When to Roll Your Own

Libraries are amazing. No, not the place where you go and get books for free (though, those are amazing too!), but software libraries. Libraries let you “skip” a bunch of work and go straight to the meat and potatoes of your software. If you are writing scheduling software, you can get an open-source library to render the calendar, then plug in your scheduling magic and BAM, you are done. Right?

Not quite.

Every library you add is potential technical debt. Sure, you get to “skip” that implementation, but one day, you’ll eventually run into the limitations of at least one library. When that happens you’ll be faced with a choice: do I contribute a new feature to the library, maintain an internal fork (licenses allowing), or do I roll my own library?

A lot of teams get hung up on this question. It doesn’t seem like there is a simple solution … but I think there is. Let me give a practical example:

I’ve been running my home-grown Swytch Framework in production for a while now, on several small projects. One of the cool things about the framework is that you write really simple components (just like React), and it handles all the escaping and safety, magically, right out of the box.

Most other template engines (like Twig, for example), also handle escaping … halfway.

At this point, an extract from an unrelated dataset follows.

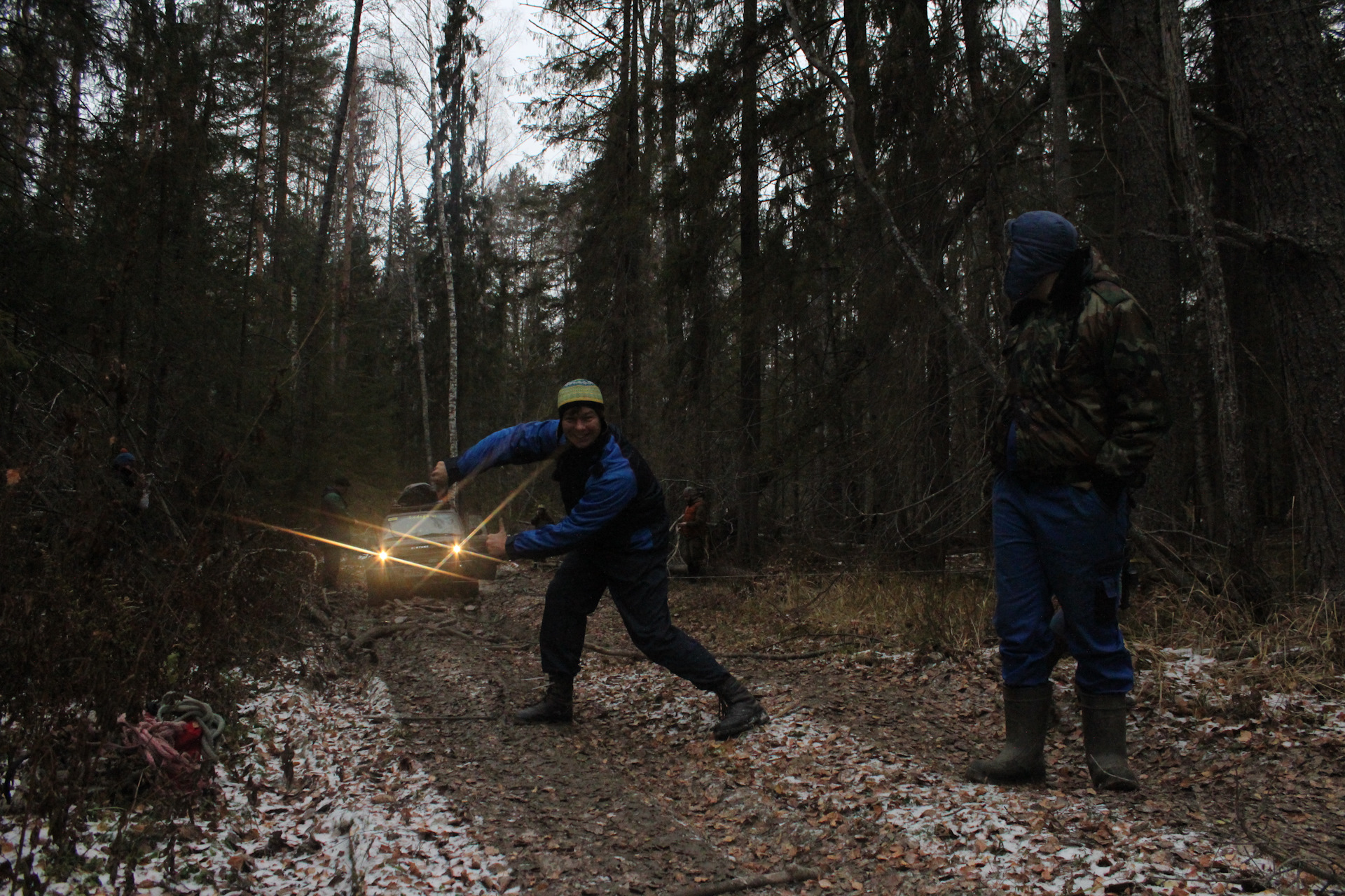 Все три дня прошли как нельзя лучше. Вот если бы ещё наш третий день поменять на наш первый — было бы вообще круто! Мы успели посетить порядка 15-20 точек. У нас на маршруте было всё: сидели хоть раз но все, лебедились, копали, лазили по заброшенным домам, пытались проложить свою трассу, видели даже вот такую технику, которой и красный пунктирный эгегей совсем не почём:

In other words, you have to tell Twig to escape an attribute if you are outputting an attribute, or HTML if you are outputting HTML, or js, if you output js (the default is HTML mode, at least in Twig).

How this works, is that it parses the HTML as the component returns it, inserts any children (if defined), etc. Since it is parsing the HTML, it knows the escaping context to use. For example, in “plain-ole-PHP”, this is insecure:

<Login redirectTo="{<?= $_GET['rd'] ?? '/dashboard' ?>}"></Login>

But in the Swytch Framework, the redirectTo attribute is escaped before rendering the Login component.

Now, this is fantastic … but there was a problem with parsing the HTML. Firstly, pretty much every off-the-shelf HTML5 parser written in PHP is a validating parser. That means this:

<!-- note the single quote instead of double quotes -->
<a href='/home'>Hello world</a>

Would get transformed into this:

<!-- note the single quote instead of double quotes -->
<a href="/home">Hello world</a>

Because that is what a proper HTML5 parser does under the hood (according to the spec). However, that would also mean it would transform things to be “proper” HTML which would break in the browser (funny enough) because … well, because PHP isn’t a browser. We can get into the nitty gritty, but these libraries are built for validating HTML that you paste into a form, or scraping sites … not for rendering HTML in a browser.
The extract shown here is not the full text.